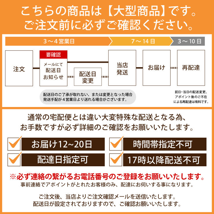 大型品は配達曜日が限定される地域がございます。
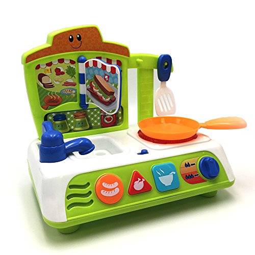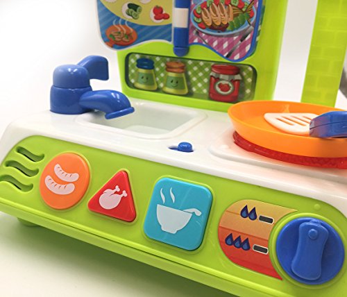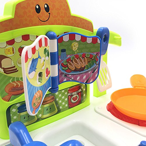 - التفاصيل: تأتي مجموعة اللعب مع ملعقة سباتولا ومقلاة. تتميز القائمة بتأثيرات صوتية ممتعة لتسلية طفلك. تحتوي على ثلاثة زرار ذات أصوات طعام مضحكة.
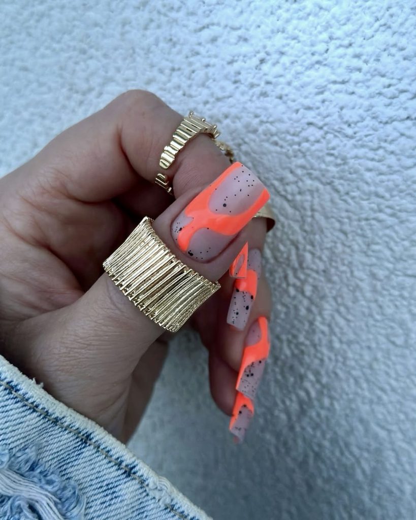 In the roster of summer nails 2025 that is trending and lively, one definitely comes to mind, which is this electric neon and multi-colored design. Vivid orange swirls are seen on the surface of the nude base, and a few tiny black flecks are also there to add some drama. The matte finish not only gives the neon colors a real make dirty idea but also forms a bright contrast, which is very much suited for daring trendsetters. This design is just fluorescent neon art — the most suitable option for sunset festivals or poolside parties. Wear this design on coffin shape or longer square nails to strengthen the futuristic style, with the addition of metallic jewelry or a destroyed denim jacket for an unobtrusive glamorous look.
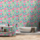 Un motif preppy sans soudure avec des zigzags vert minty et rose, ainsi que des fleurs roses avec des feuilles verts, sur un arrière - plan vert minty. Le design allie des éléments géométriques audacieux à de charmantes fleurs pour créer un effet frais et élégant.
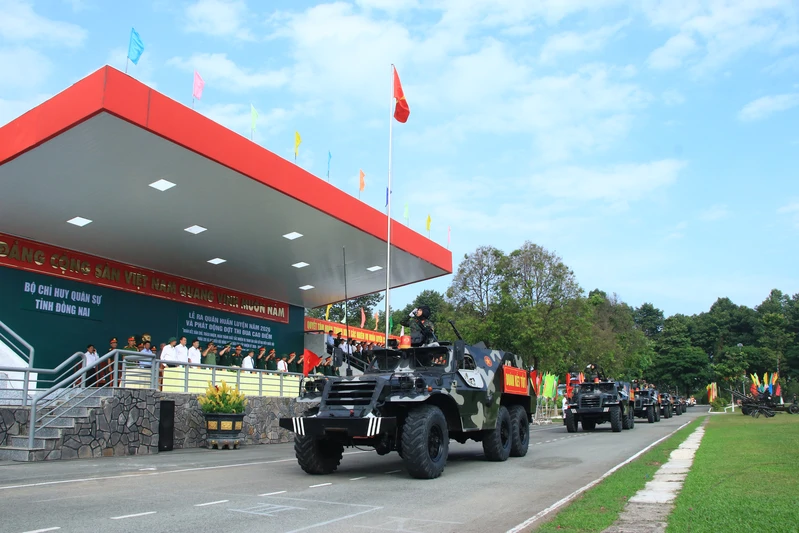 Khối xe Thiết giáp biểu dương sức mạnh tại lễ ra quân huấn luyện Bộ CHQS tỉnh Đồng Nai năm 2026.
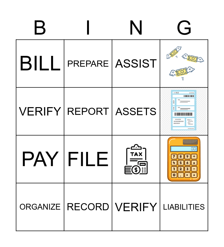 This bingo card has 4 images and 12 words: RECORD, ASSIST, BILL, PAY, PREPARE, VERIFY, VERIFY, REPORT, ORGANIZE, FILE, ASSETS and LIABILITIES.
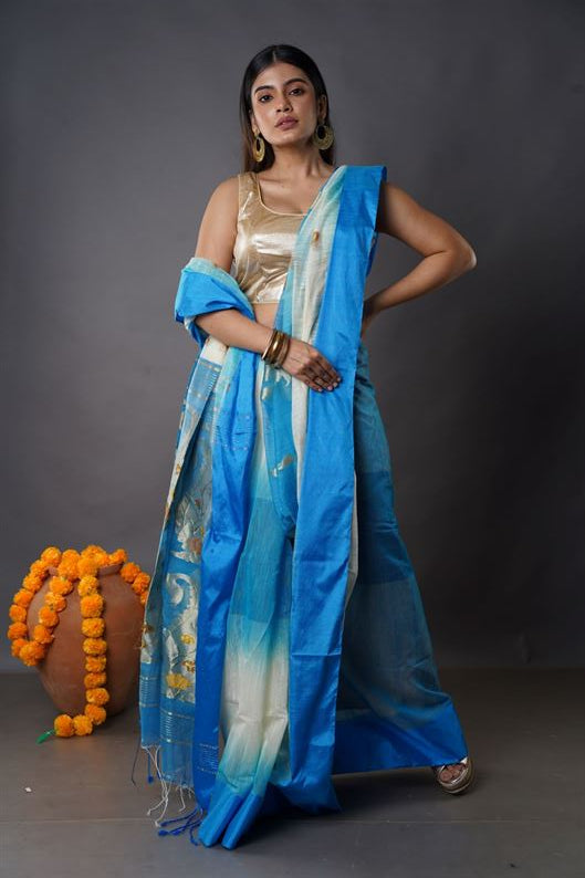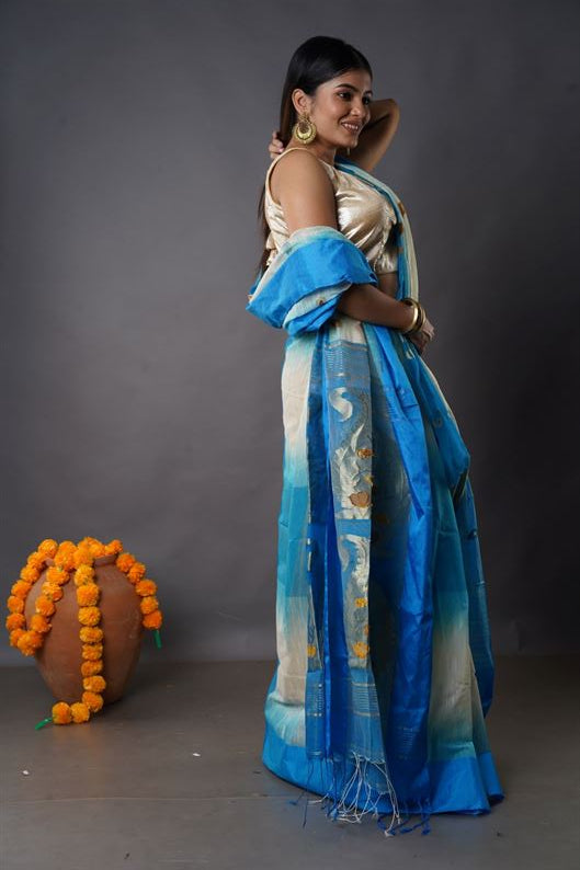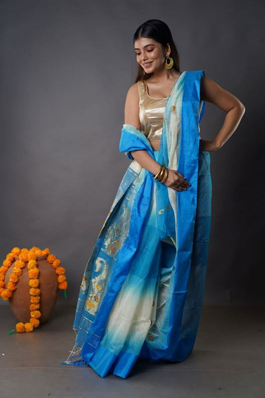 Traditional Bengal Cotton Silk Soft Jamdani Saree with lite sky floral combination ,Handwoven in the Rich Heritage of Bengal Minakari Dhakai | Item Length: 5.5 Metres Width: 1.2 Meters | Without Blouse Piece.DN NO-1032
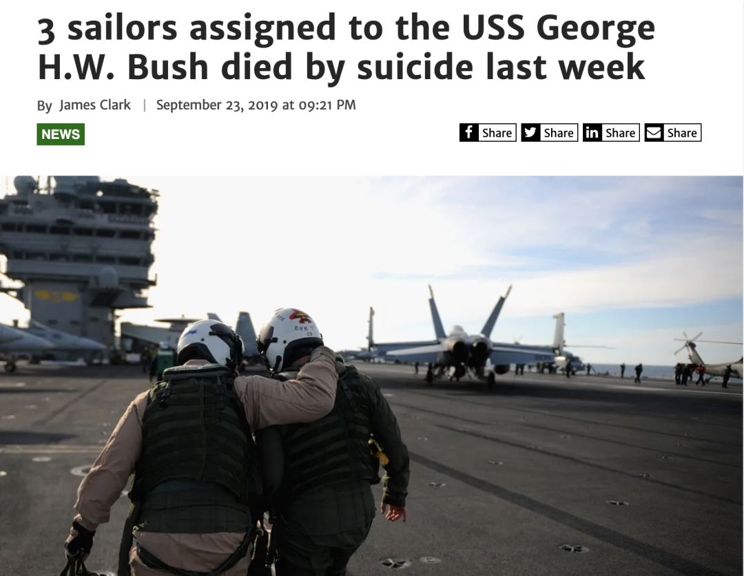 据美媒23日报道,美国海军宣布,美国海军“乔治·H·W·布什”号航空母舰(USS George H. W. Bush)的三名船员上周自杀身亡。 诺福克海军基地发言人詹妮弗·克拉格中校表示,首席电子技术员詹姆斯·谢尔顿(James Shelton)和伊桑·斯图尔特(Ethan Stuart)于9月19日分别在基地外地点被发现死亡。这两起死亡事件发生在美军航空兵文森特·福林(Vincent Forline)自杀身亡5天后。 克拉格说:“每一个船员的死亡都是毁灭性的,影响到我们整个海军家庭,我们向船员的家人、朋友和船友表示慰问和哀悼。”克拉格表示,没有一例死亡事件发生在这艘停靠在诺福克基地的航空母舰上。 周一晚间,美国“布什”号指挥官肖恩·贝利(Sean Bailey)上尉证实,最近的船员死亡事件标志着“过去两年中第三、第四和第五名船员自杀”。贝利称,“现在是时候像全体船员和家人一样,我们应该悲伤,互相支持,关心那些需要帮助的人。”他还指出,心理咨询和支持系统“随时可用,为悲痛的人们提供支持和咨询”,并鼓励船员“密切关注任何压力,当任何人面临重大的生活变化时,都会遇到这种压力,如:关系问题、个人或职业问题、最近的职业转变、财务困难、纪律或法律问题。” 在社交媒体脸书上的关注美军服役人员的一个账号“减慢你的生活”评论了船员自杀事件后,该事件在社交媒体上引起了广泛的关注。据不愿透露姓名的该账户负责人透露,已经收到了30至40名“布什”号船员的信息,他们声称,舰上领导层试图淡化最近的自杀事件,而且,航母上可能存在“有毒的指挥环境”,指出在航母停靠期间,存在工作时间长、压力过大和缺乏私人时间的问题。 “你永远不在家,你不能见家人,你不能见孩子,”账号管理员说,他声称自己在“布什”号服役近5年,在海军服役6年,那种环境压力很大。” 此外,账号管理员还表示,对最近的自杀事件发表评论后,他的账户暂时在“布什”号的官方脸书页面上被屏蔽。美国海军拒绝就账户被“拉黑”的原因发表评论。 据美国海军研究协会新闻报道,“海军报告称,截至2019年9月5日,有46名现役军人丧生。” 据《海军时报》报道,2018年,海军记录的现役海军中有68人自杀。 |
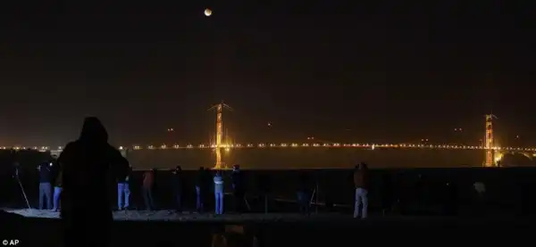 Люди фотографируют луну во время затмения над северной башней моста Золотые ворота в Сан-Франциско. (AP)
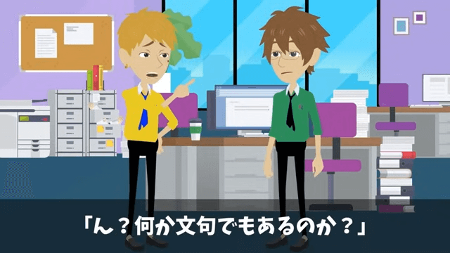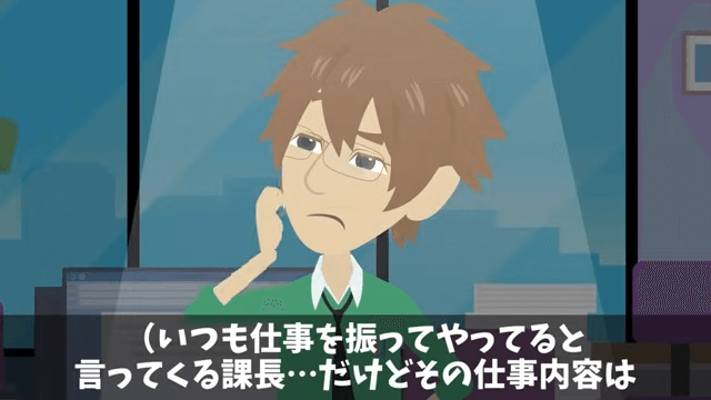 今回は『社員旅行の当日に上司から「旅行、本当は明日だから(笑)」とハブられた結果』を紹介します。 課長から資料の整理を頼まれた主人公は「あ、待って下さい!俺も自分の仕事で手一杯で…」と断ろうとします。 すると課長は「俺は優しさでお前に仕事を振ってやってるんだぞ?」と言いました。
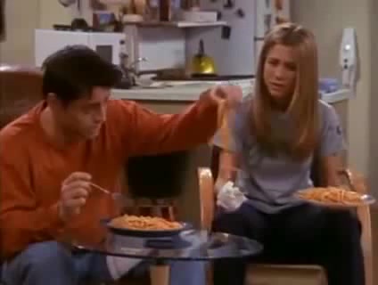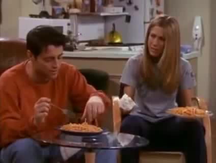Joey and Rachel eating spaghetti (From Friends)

****************

**WHAT YOU ARE ASKED TO DO:** Only one stretch of the listing above is to be duplicated: the lines from the one containing "This bingo card" through the one containing "Traditional Bengal Cotton", both included. Copy them exactly, minus the pictures.

**REPLY TO THE EXERCISE:**
 This bingo card has 4 images and 12 words: RECORD, ASSIST, BILL, PAY, PREPARE, VERIFY, VERIFY, REPORT, ORGANIZE, FILE, ASSETS and LIABILITIES.
 Traditional Bengal Cotton Silk Soft Jamdani Saree with lite sky floral combination ,Handwoven in the Rich Heritage of Bengal Minakari Dhakai | Item Length: 5.5 Metres Width: 1.2 Meters | Without Blouse Piece.DN NO-1032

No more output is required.